Israel’s legalization of forced population transfer in Masafer Yatta an “embarassing legal error”
Jerusalem24 – The Israeli Supreme Court in Jerusalem ruled yesterday Wednesday on the legality of longstanding eviction orders for Masafer Yatta in the southern Hebron hills, after rejecting the residents’ petition.
The ruling which was quietly published on the eve of Israel’s Independence Day declared that the prohibition of forced transfer set in international law is non-binding in a domestic court. As such, the Palestinian residents’ proceedings have ended after 23 years of living in a declared “firing zone.”
Palestinian Journalist Basil Adra, who has been covering the struggle against the eviction of the Palestinians in Masafer Yatta, took to Twitter to express his frustration.
The occupation court just decided: My community will be destroyed. I live in Massafer Yatta, Palestine. An unjust 23 year long trial ended today with a verdict of mass eviction. The army can now place us on trucks, 2,400 people, and expel us from our ancient villages, one by one. pic.twitter.com/8szt0OdPdf
— Basel Adra (@basel_adra) May 5, 2022
Israeli Human Rights Lawyer Michael Sfard meanwhile derided the court’s decision in a Twitter thread in which he stated that “[the] rationale denying that the prohibition on forced transfer is customary law is nothing less than an embarrassing legal error.”

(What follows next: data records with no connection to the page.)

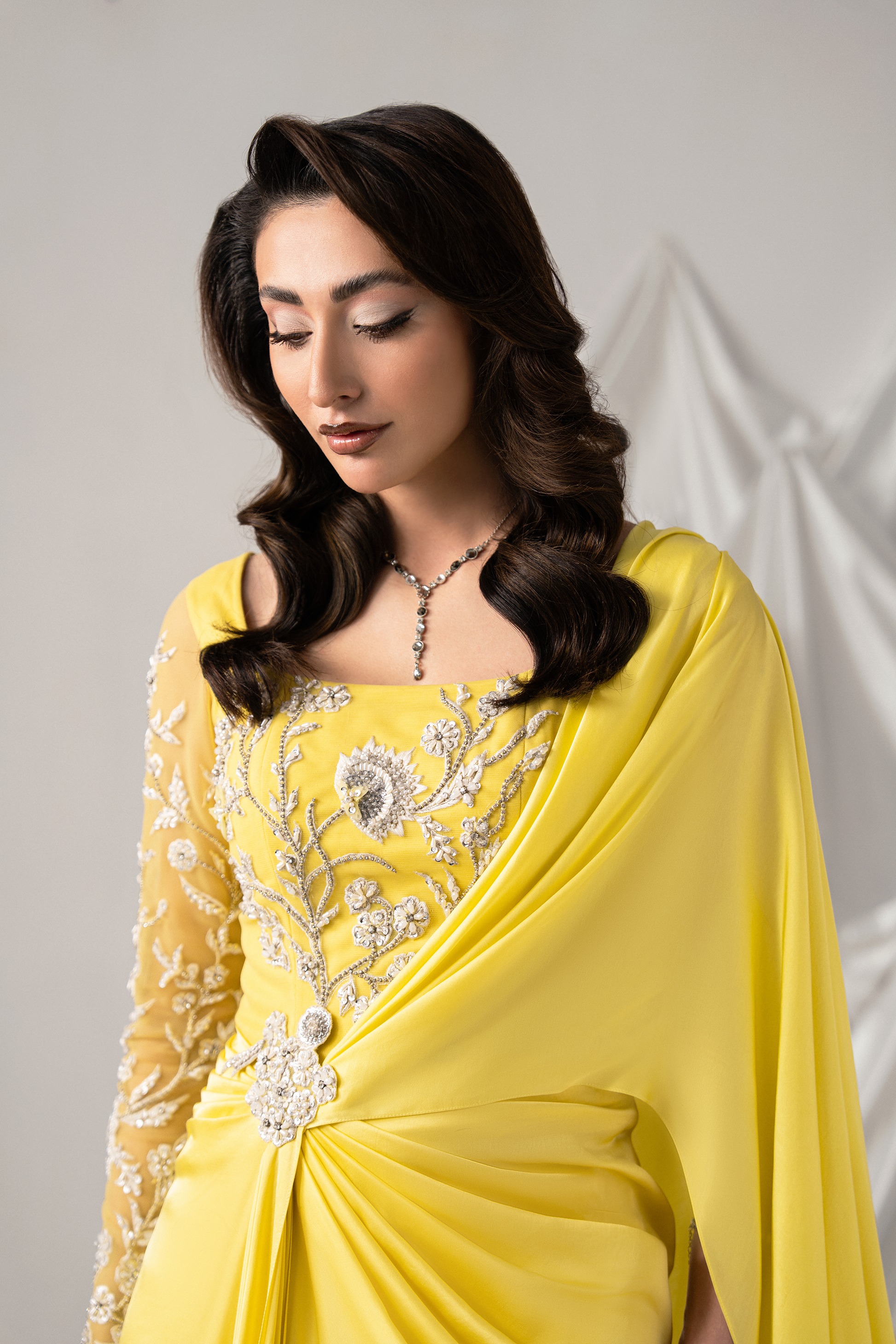 Crafted from premium net and charmeuse silk, this one-piece outfit reflects timeless luxury with a modern winter touch. A perfect blend of softness, flow, and elegance from our Winter Luxury Pret collection.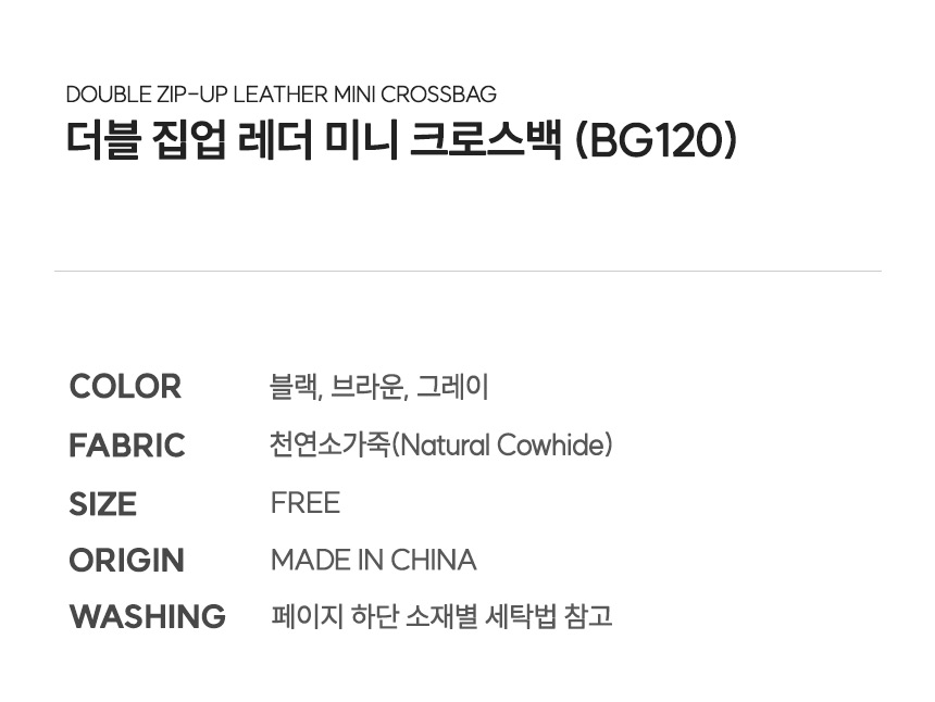 더블 집업 레더 미니 크로스백 (BG120)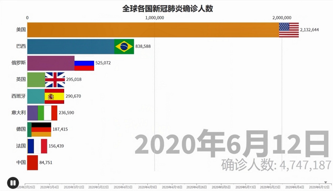 一场突如其来的疫情,给了我们太多猝不及防。正当国内疫情好转之时,新冠疫情却在国外开始蔓延,各国防控疫情形势严峻。本作品用可视化的方式展示了2020年2月25日到6月12日期间全球新冠肺炎累计确诊人数较多的国家的疫情数据。

Beyond the fact that this is a cruel decision that could lead to a humanitarian catastrophe, this rationale denying that the prohibition on forced transfer is customary law is nothing less than an embarrassing legal error. So basic that it can be said that its equivalent
/4— Michael Sfard מיכאל ספרד (@sfardm) May 5, 2022
In his analysis, Sfard exclaims that the prohibition of forced transfer could be “one of the oldest in the prohibitions of modern war laws,” citing an example from the American Civil war when at the request of Abraham Lincoln, Francis Lieber formulated a draft code that prohibited “the removal of civilians to remote areas.”
The ruling passed by Judge David Mintz will threaten 8 Palestinian communities which are home to around 2400 People. Mintz himself is a settler living in the Dolev Settlement, northwest of Ramallah.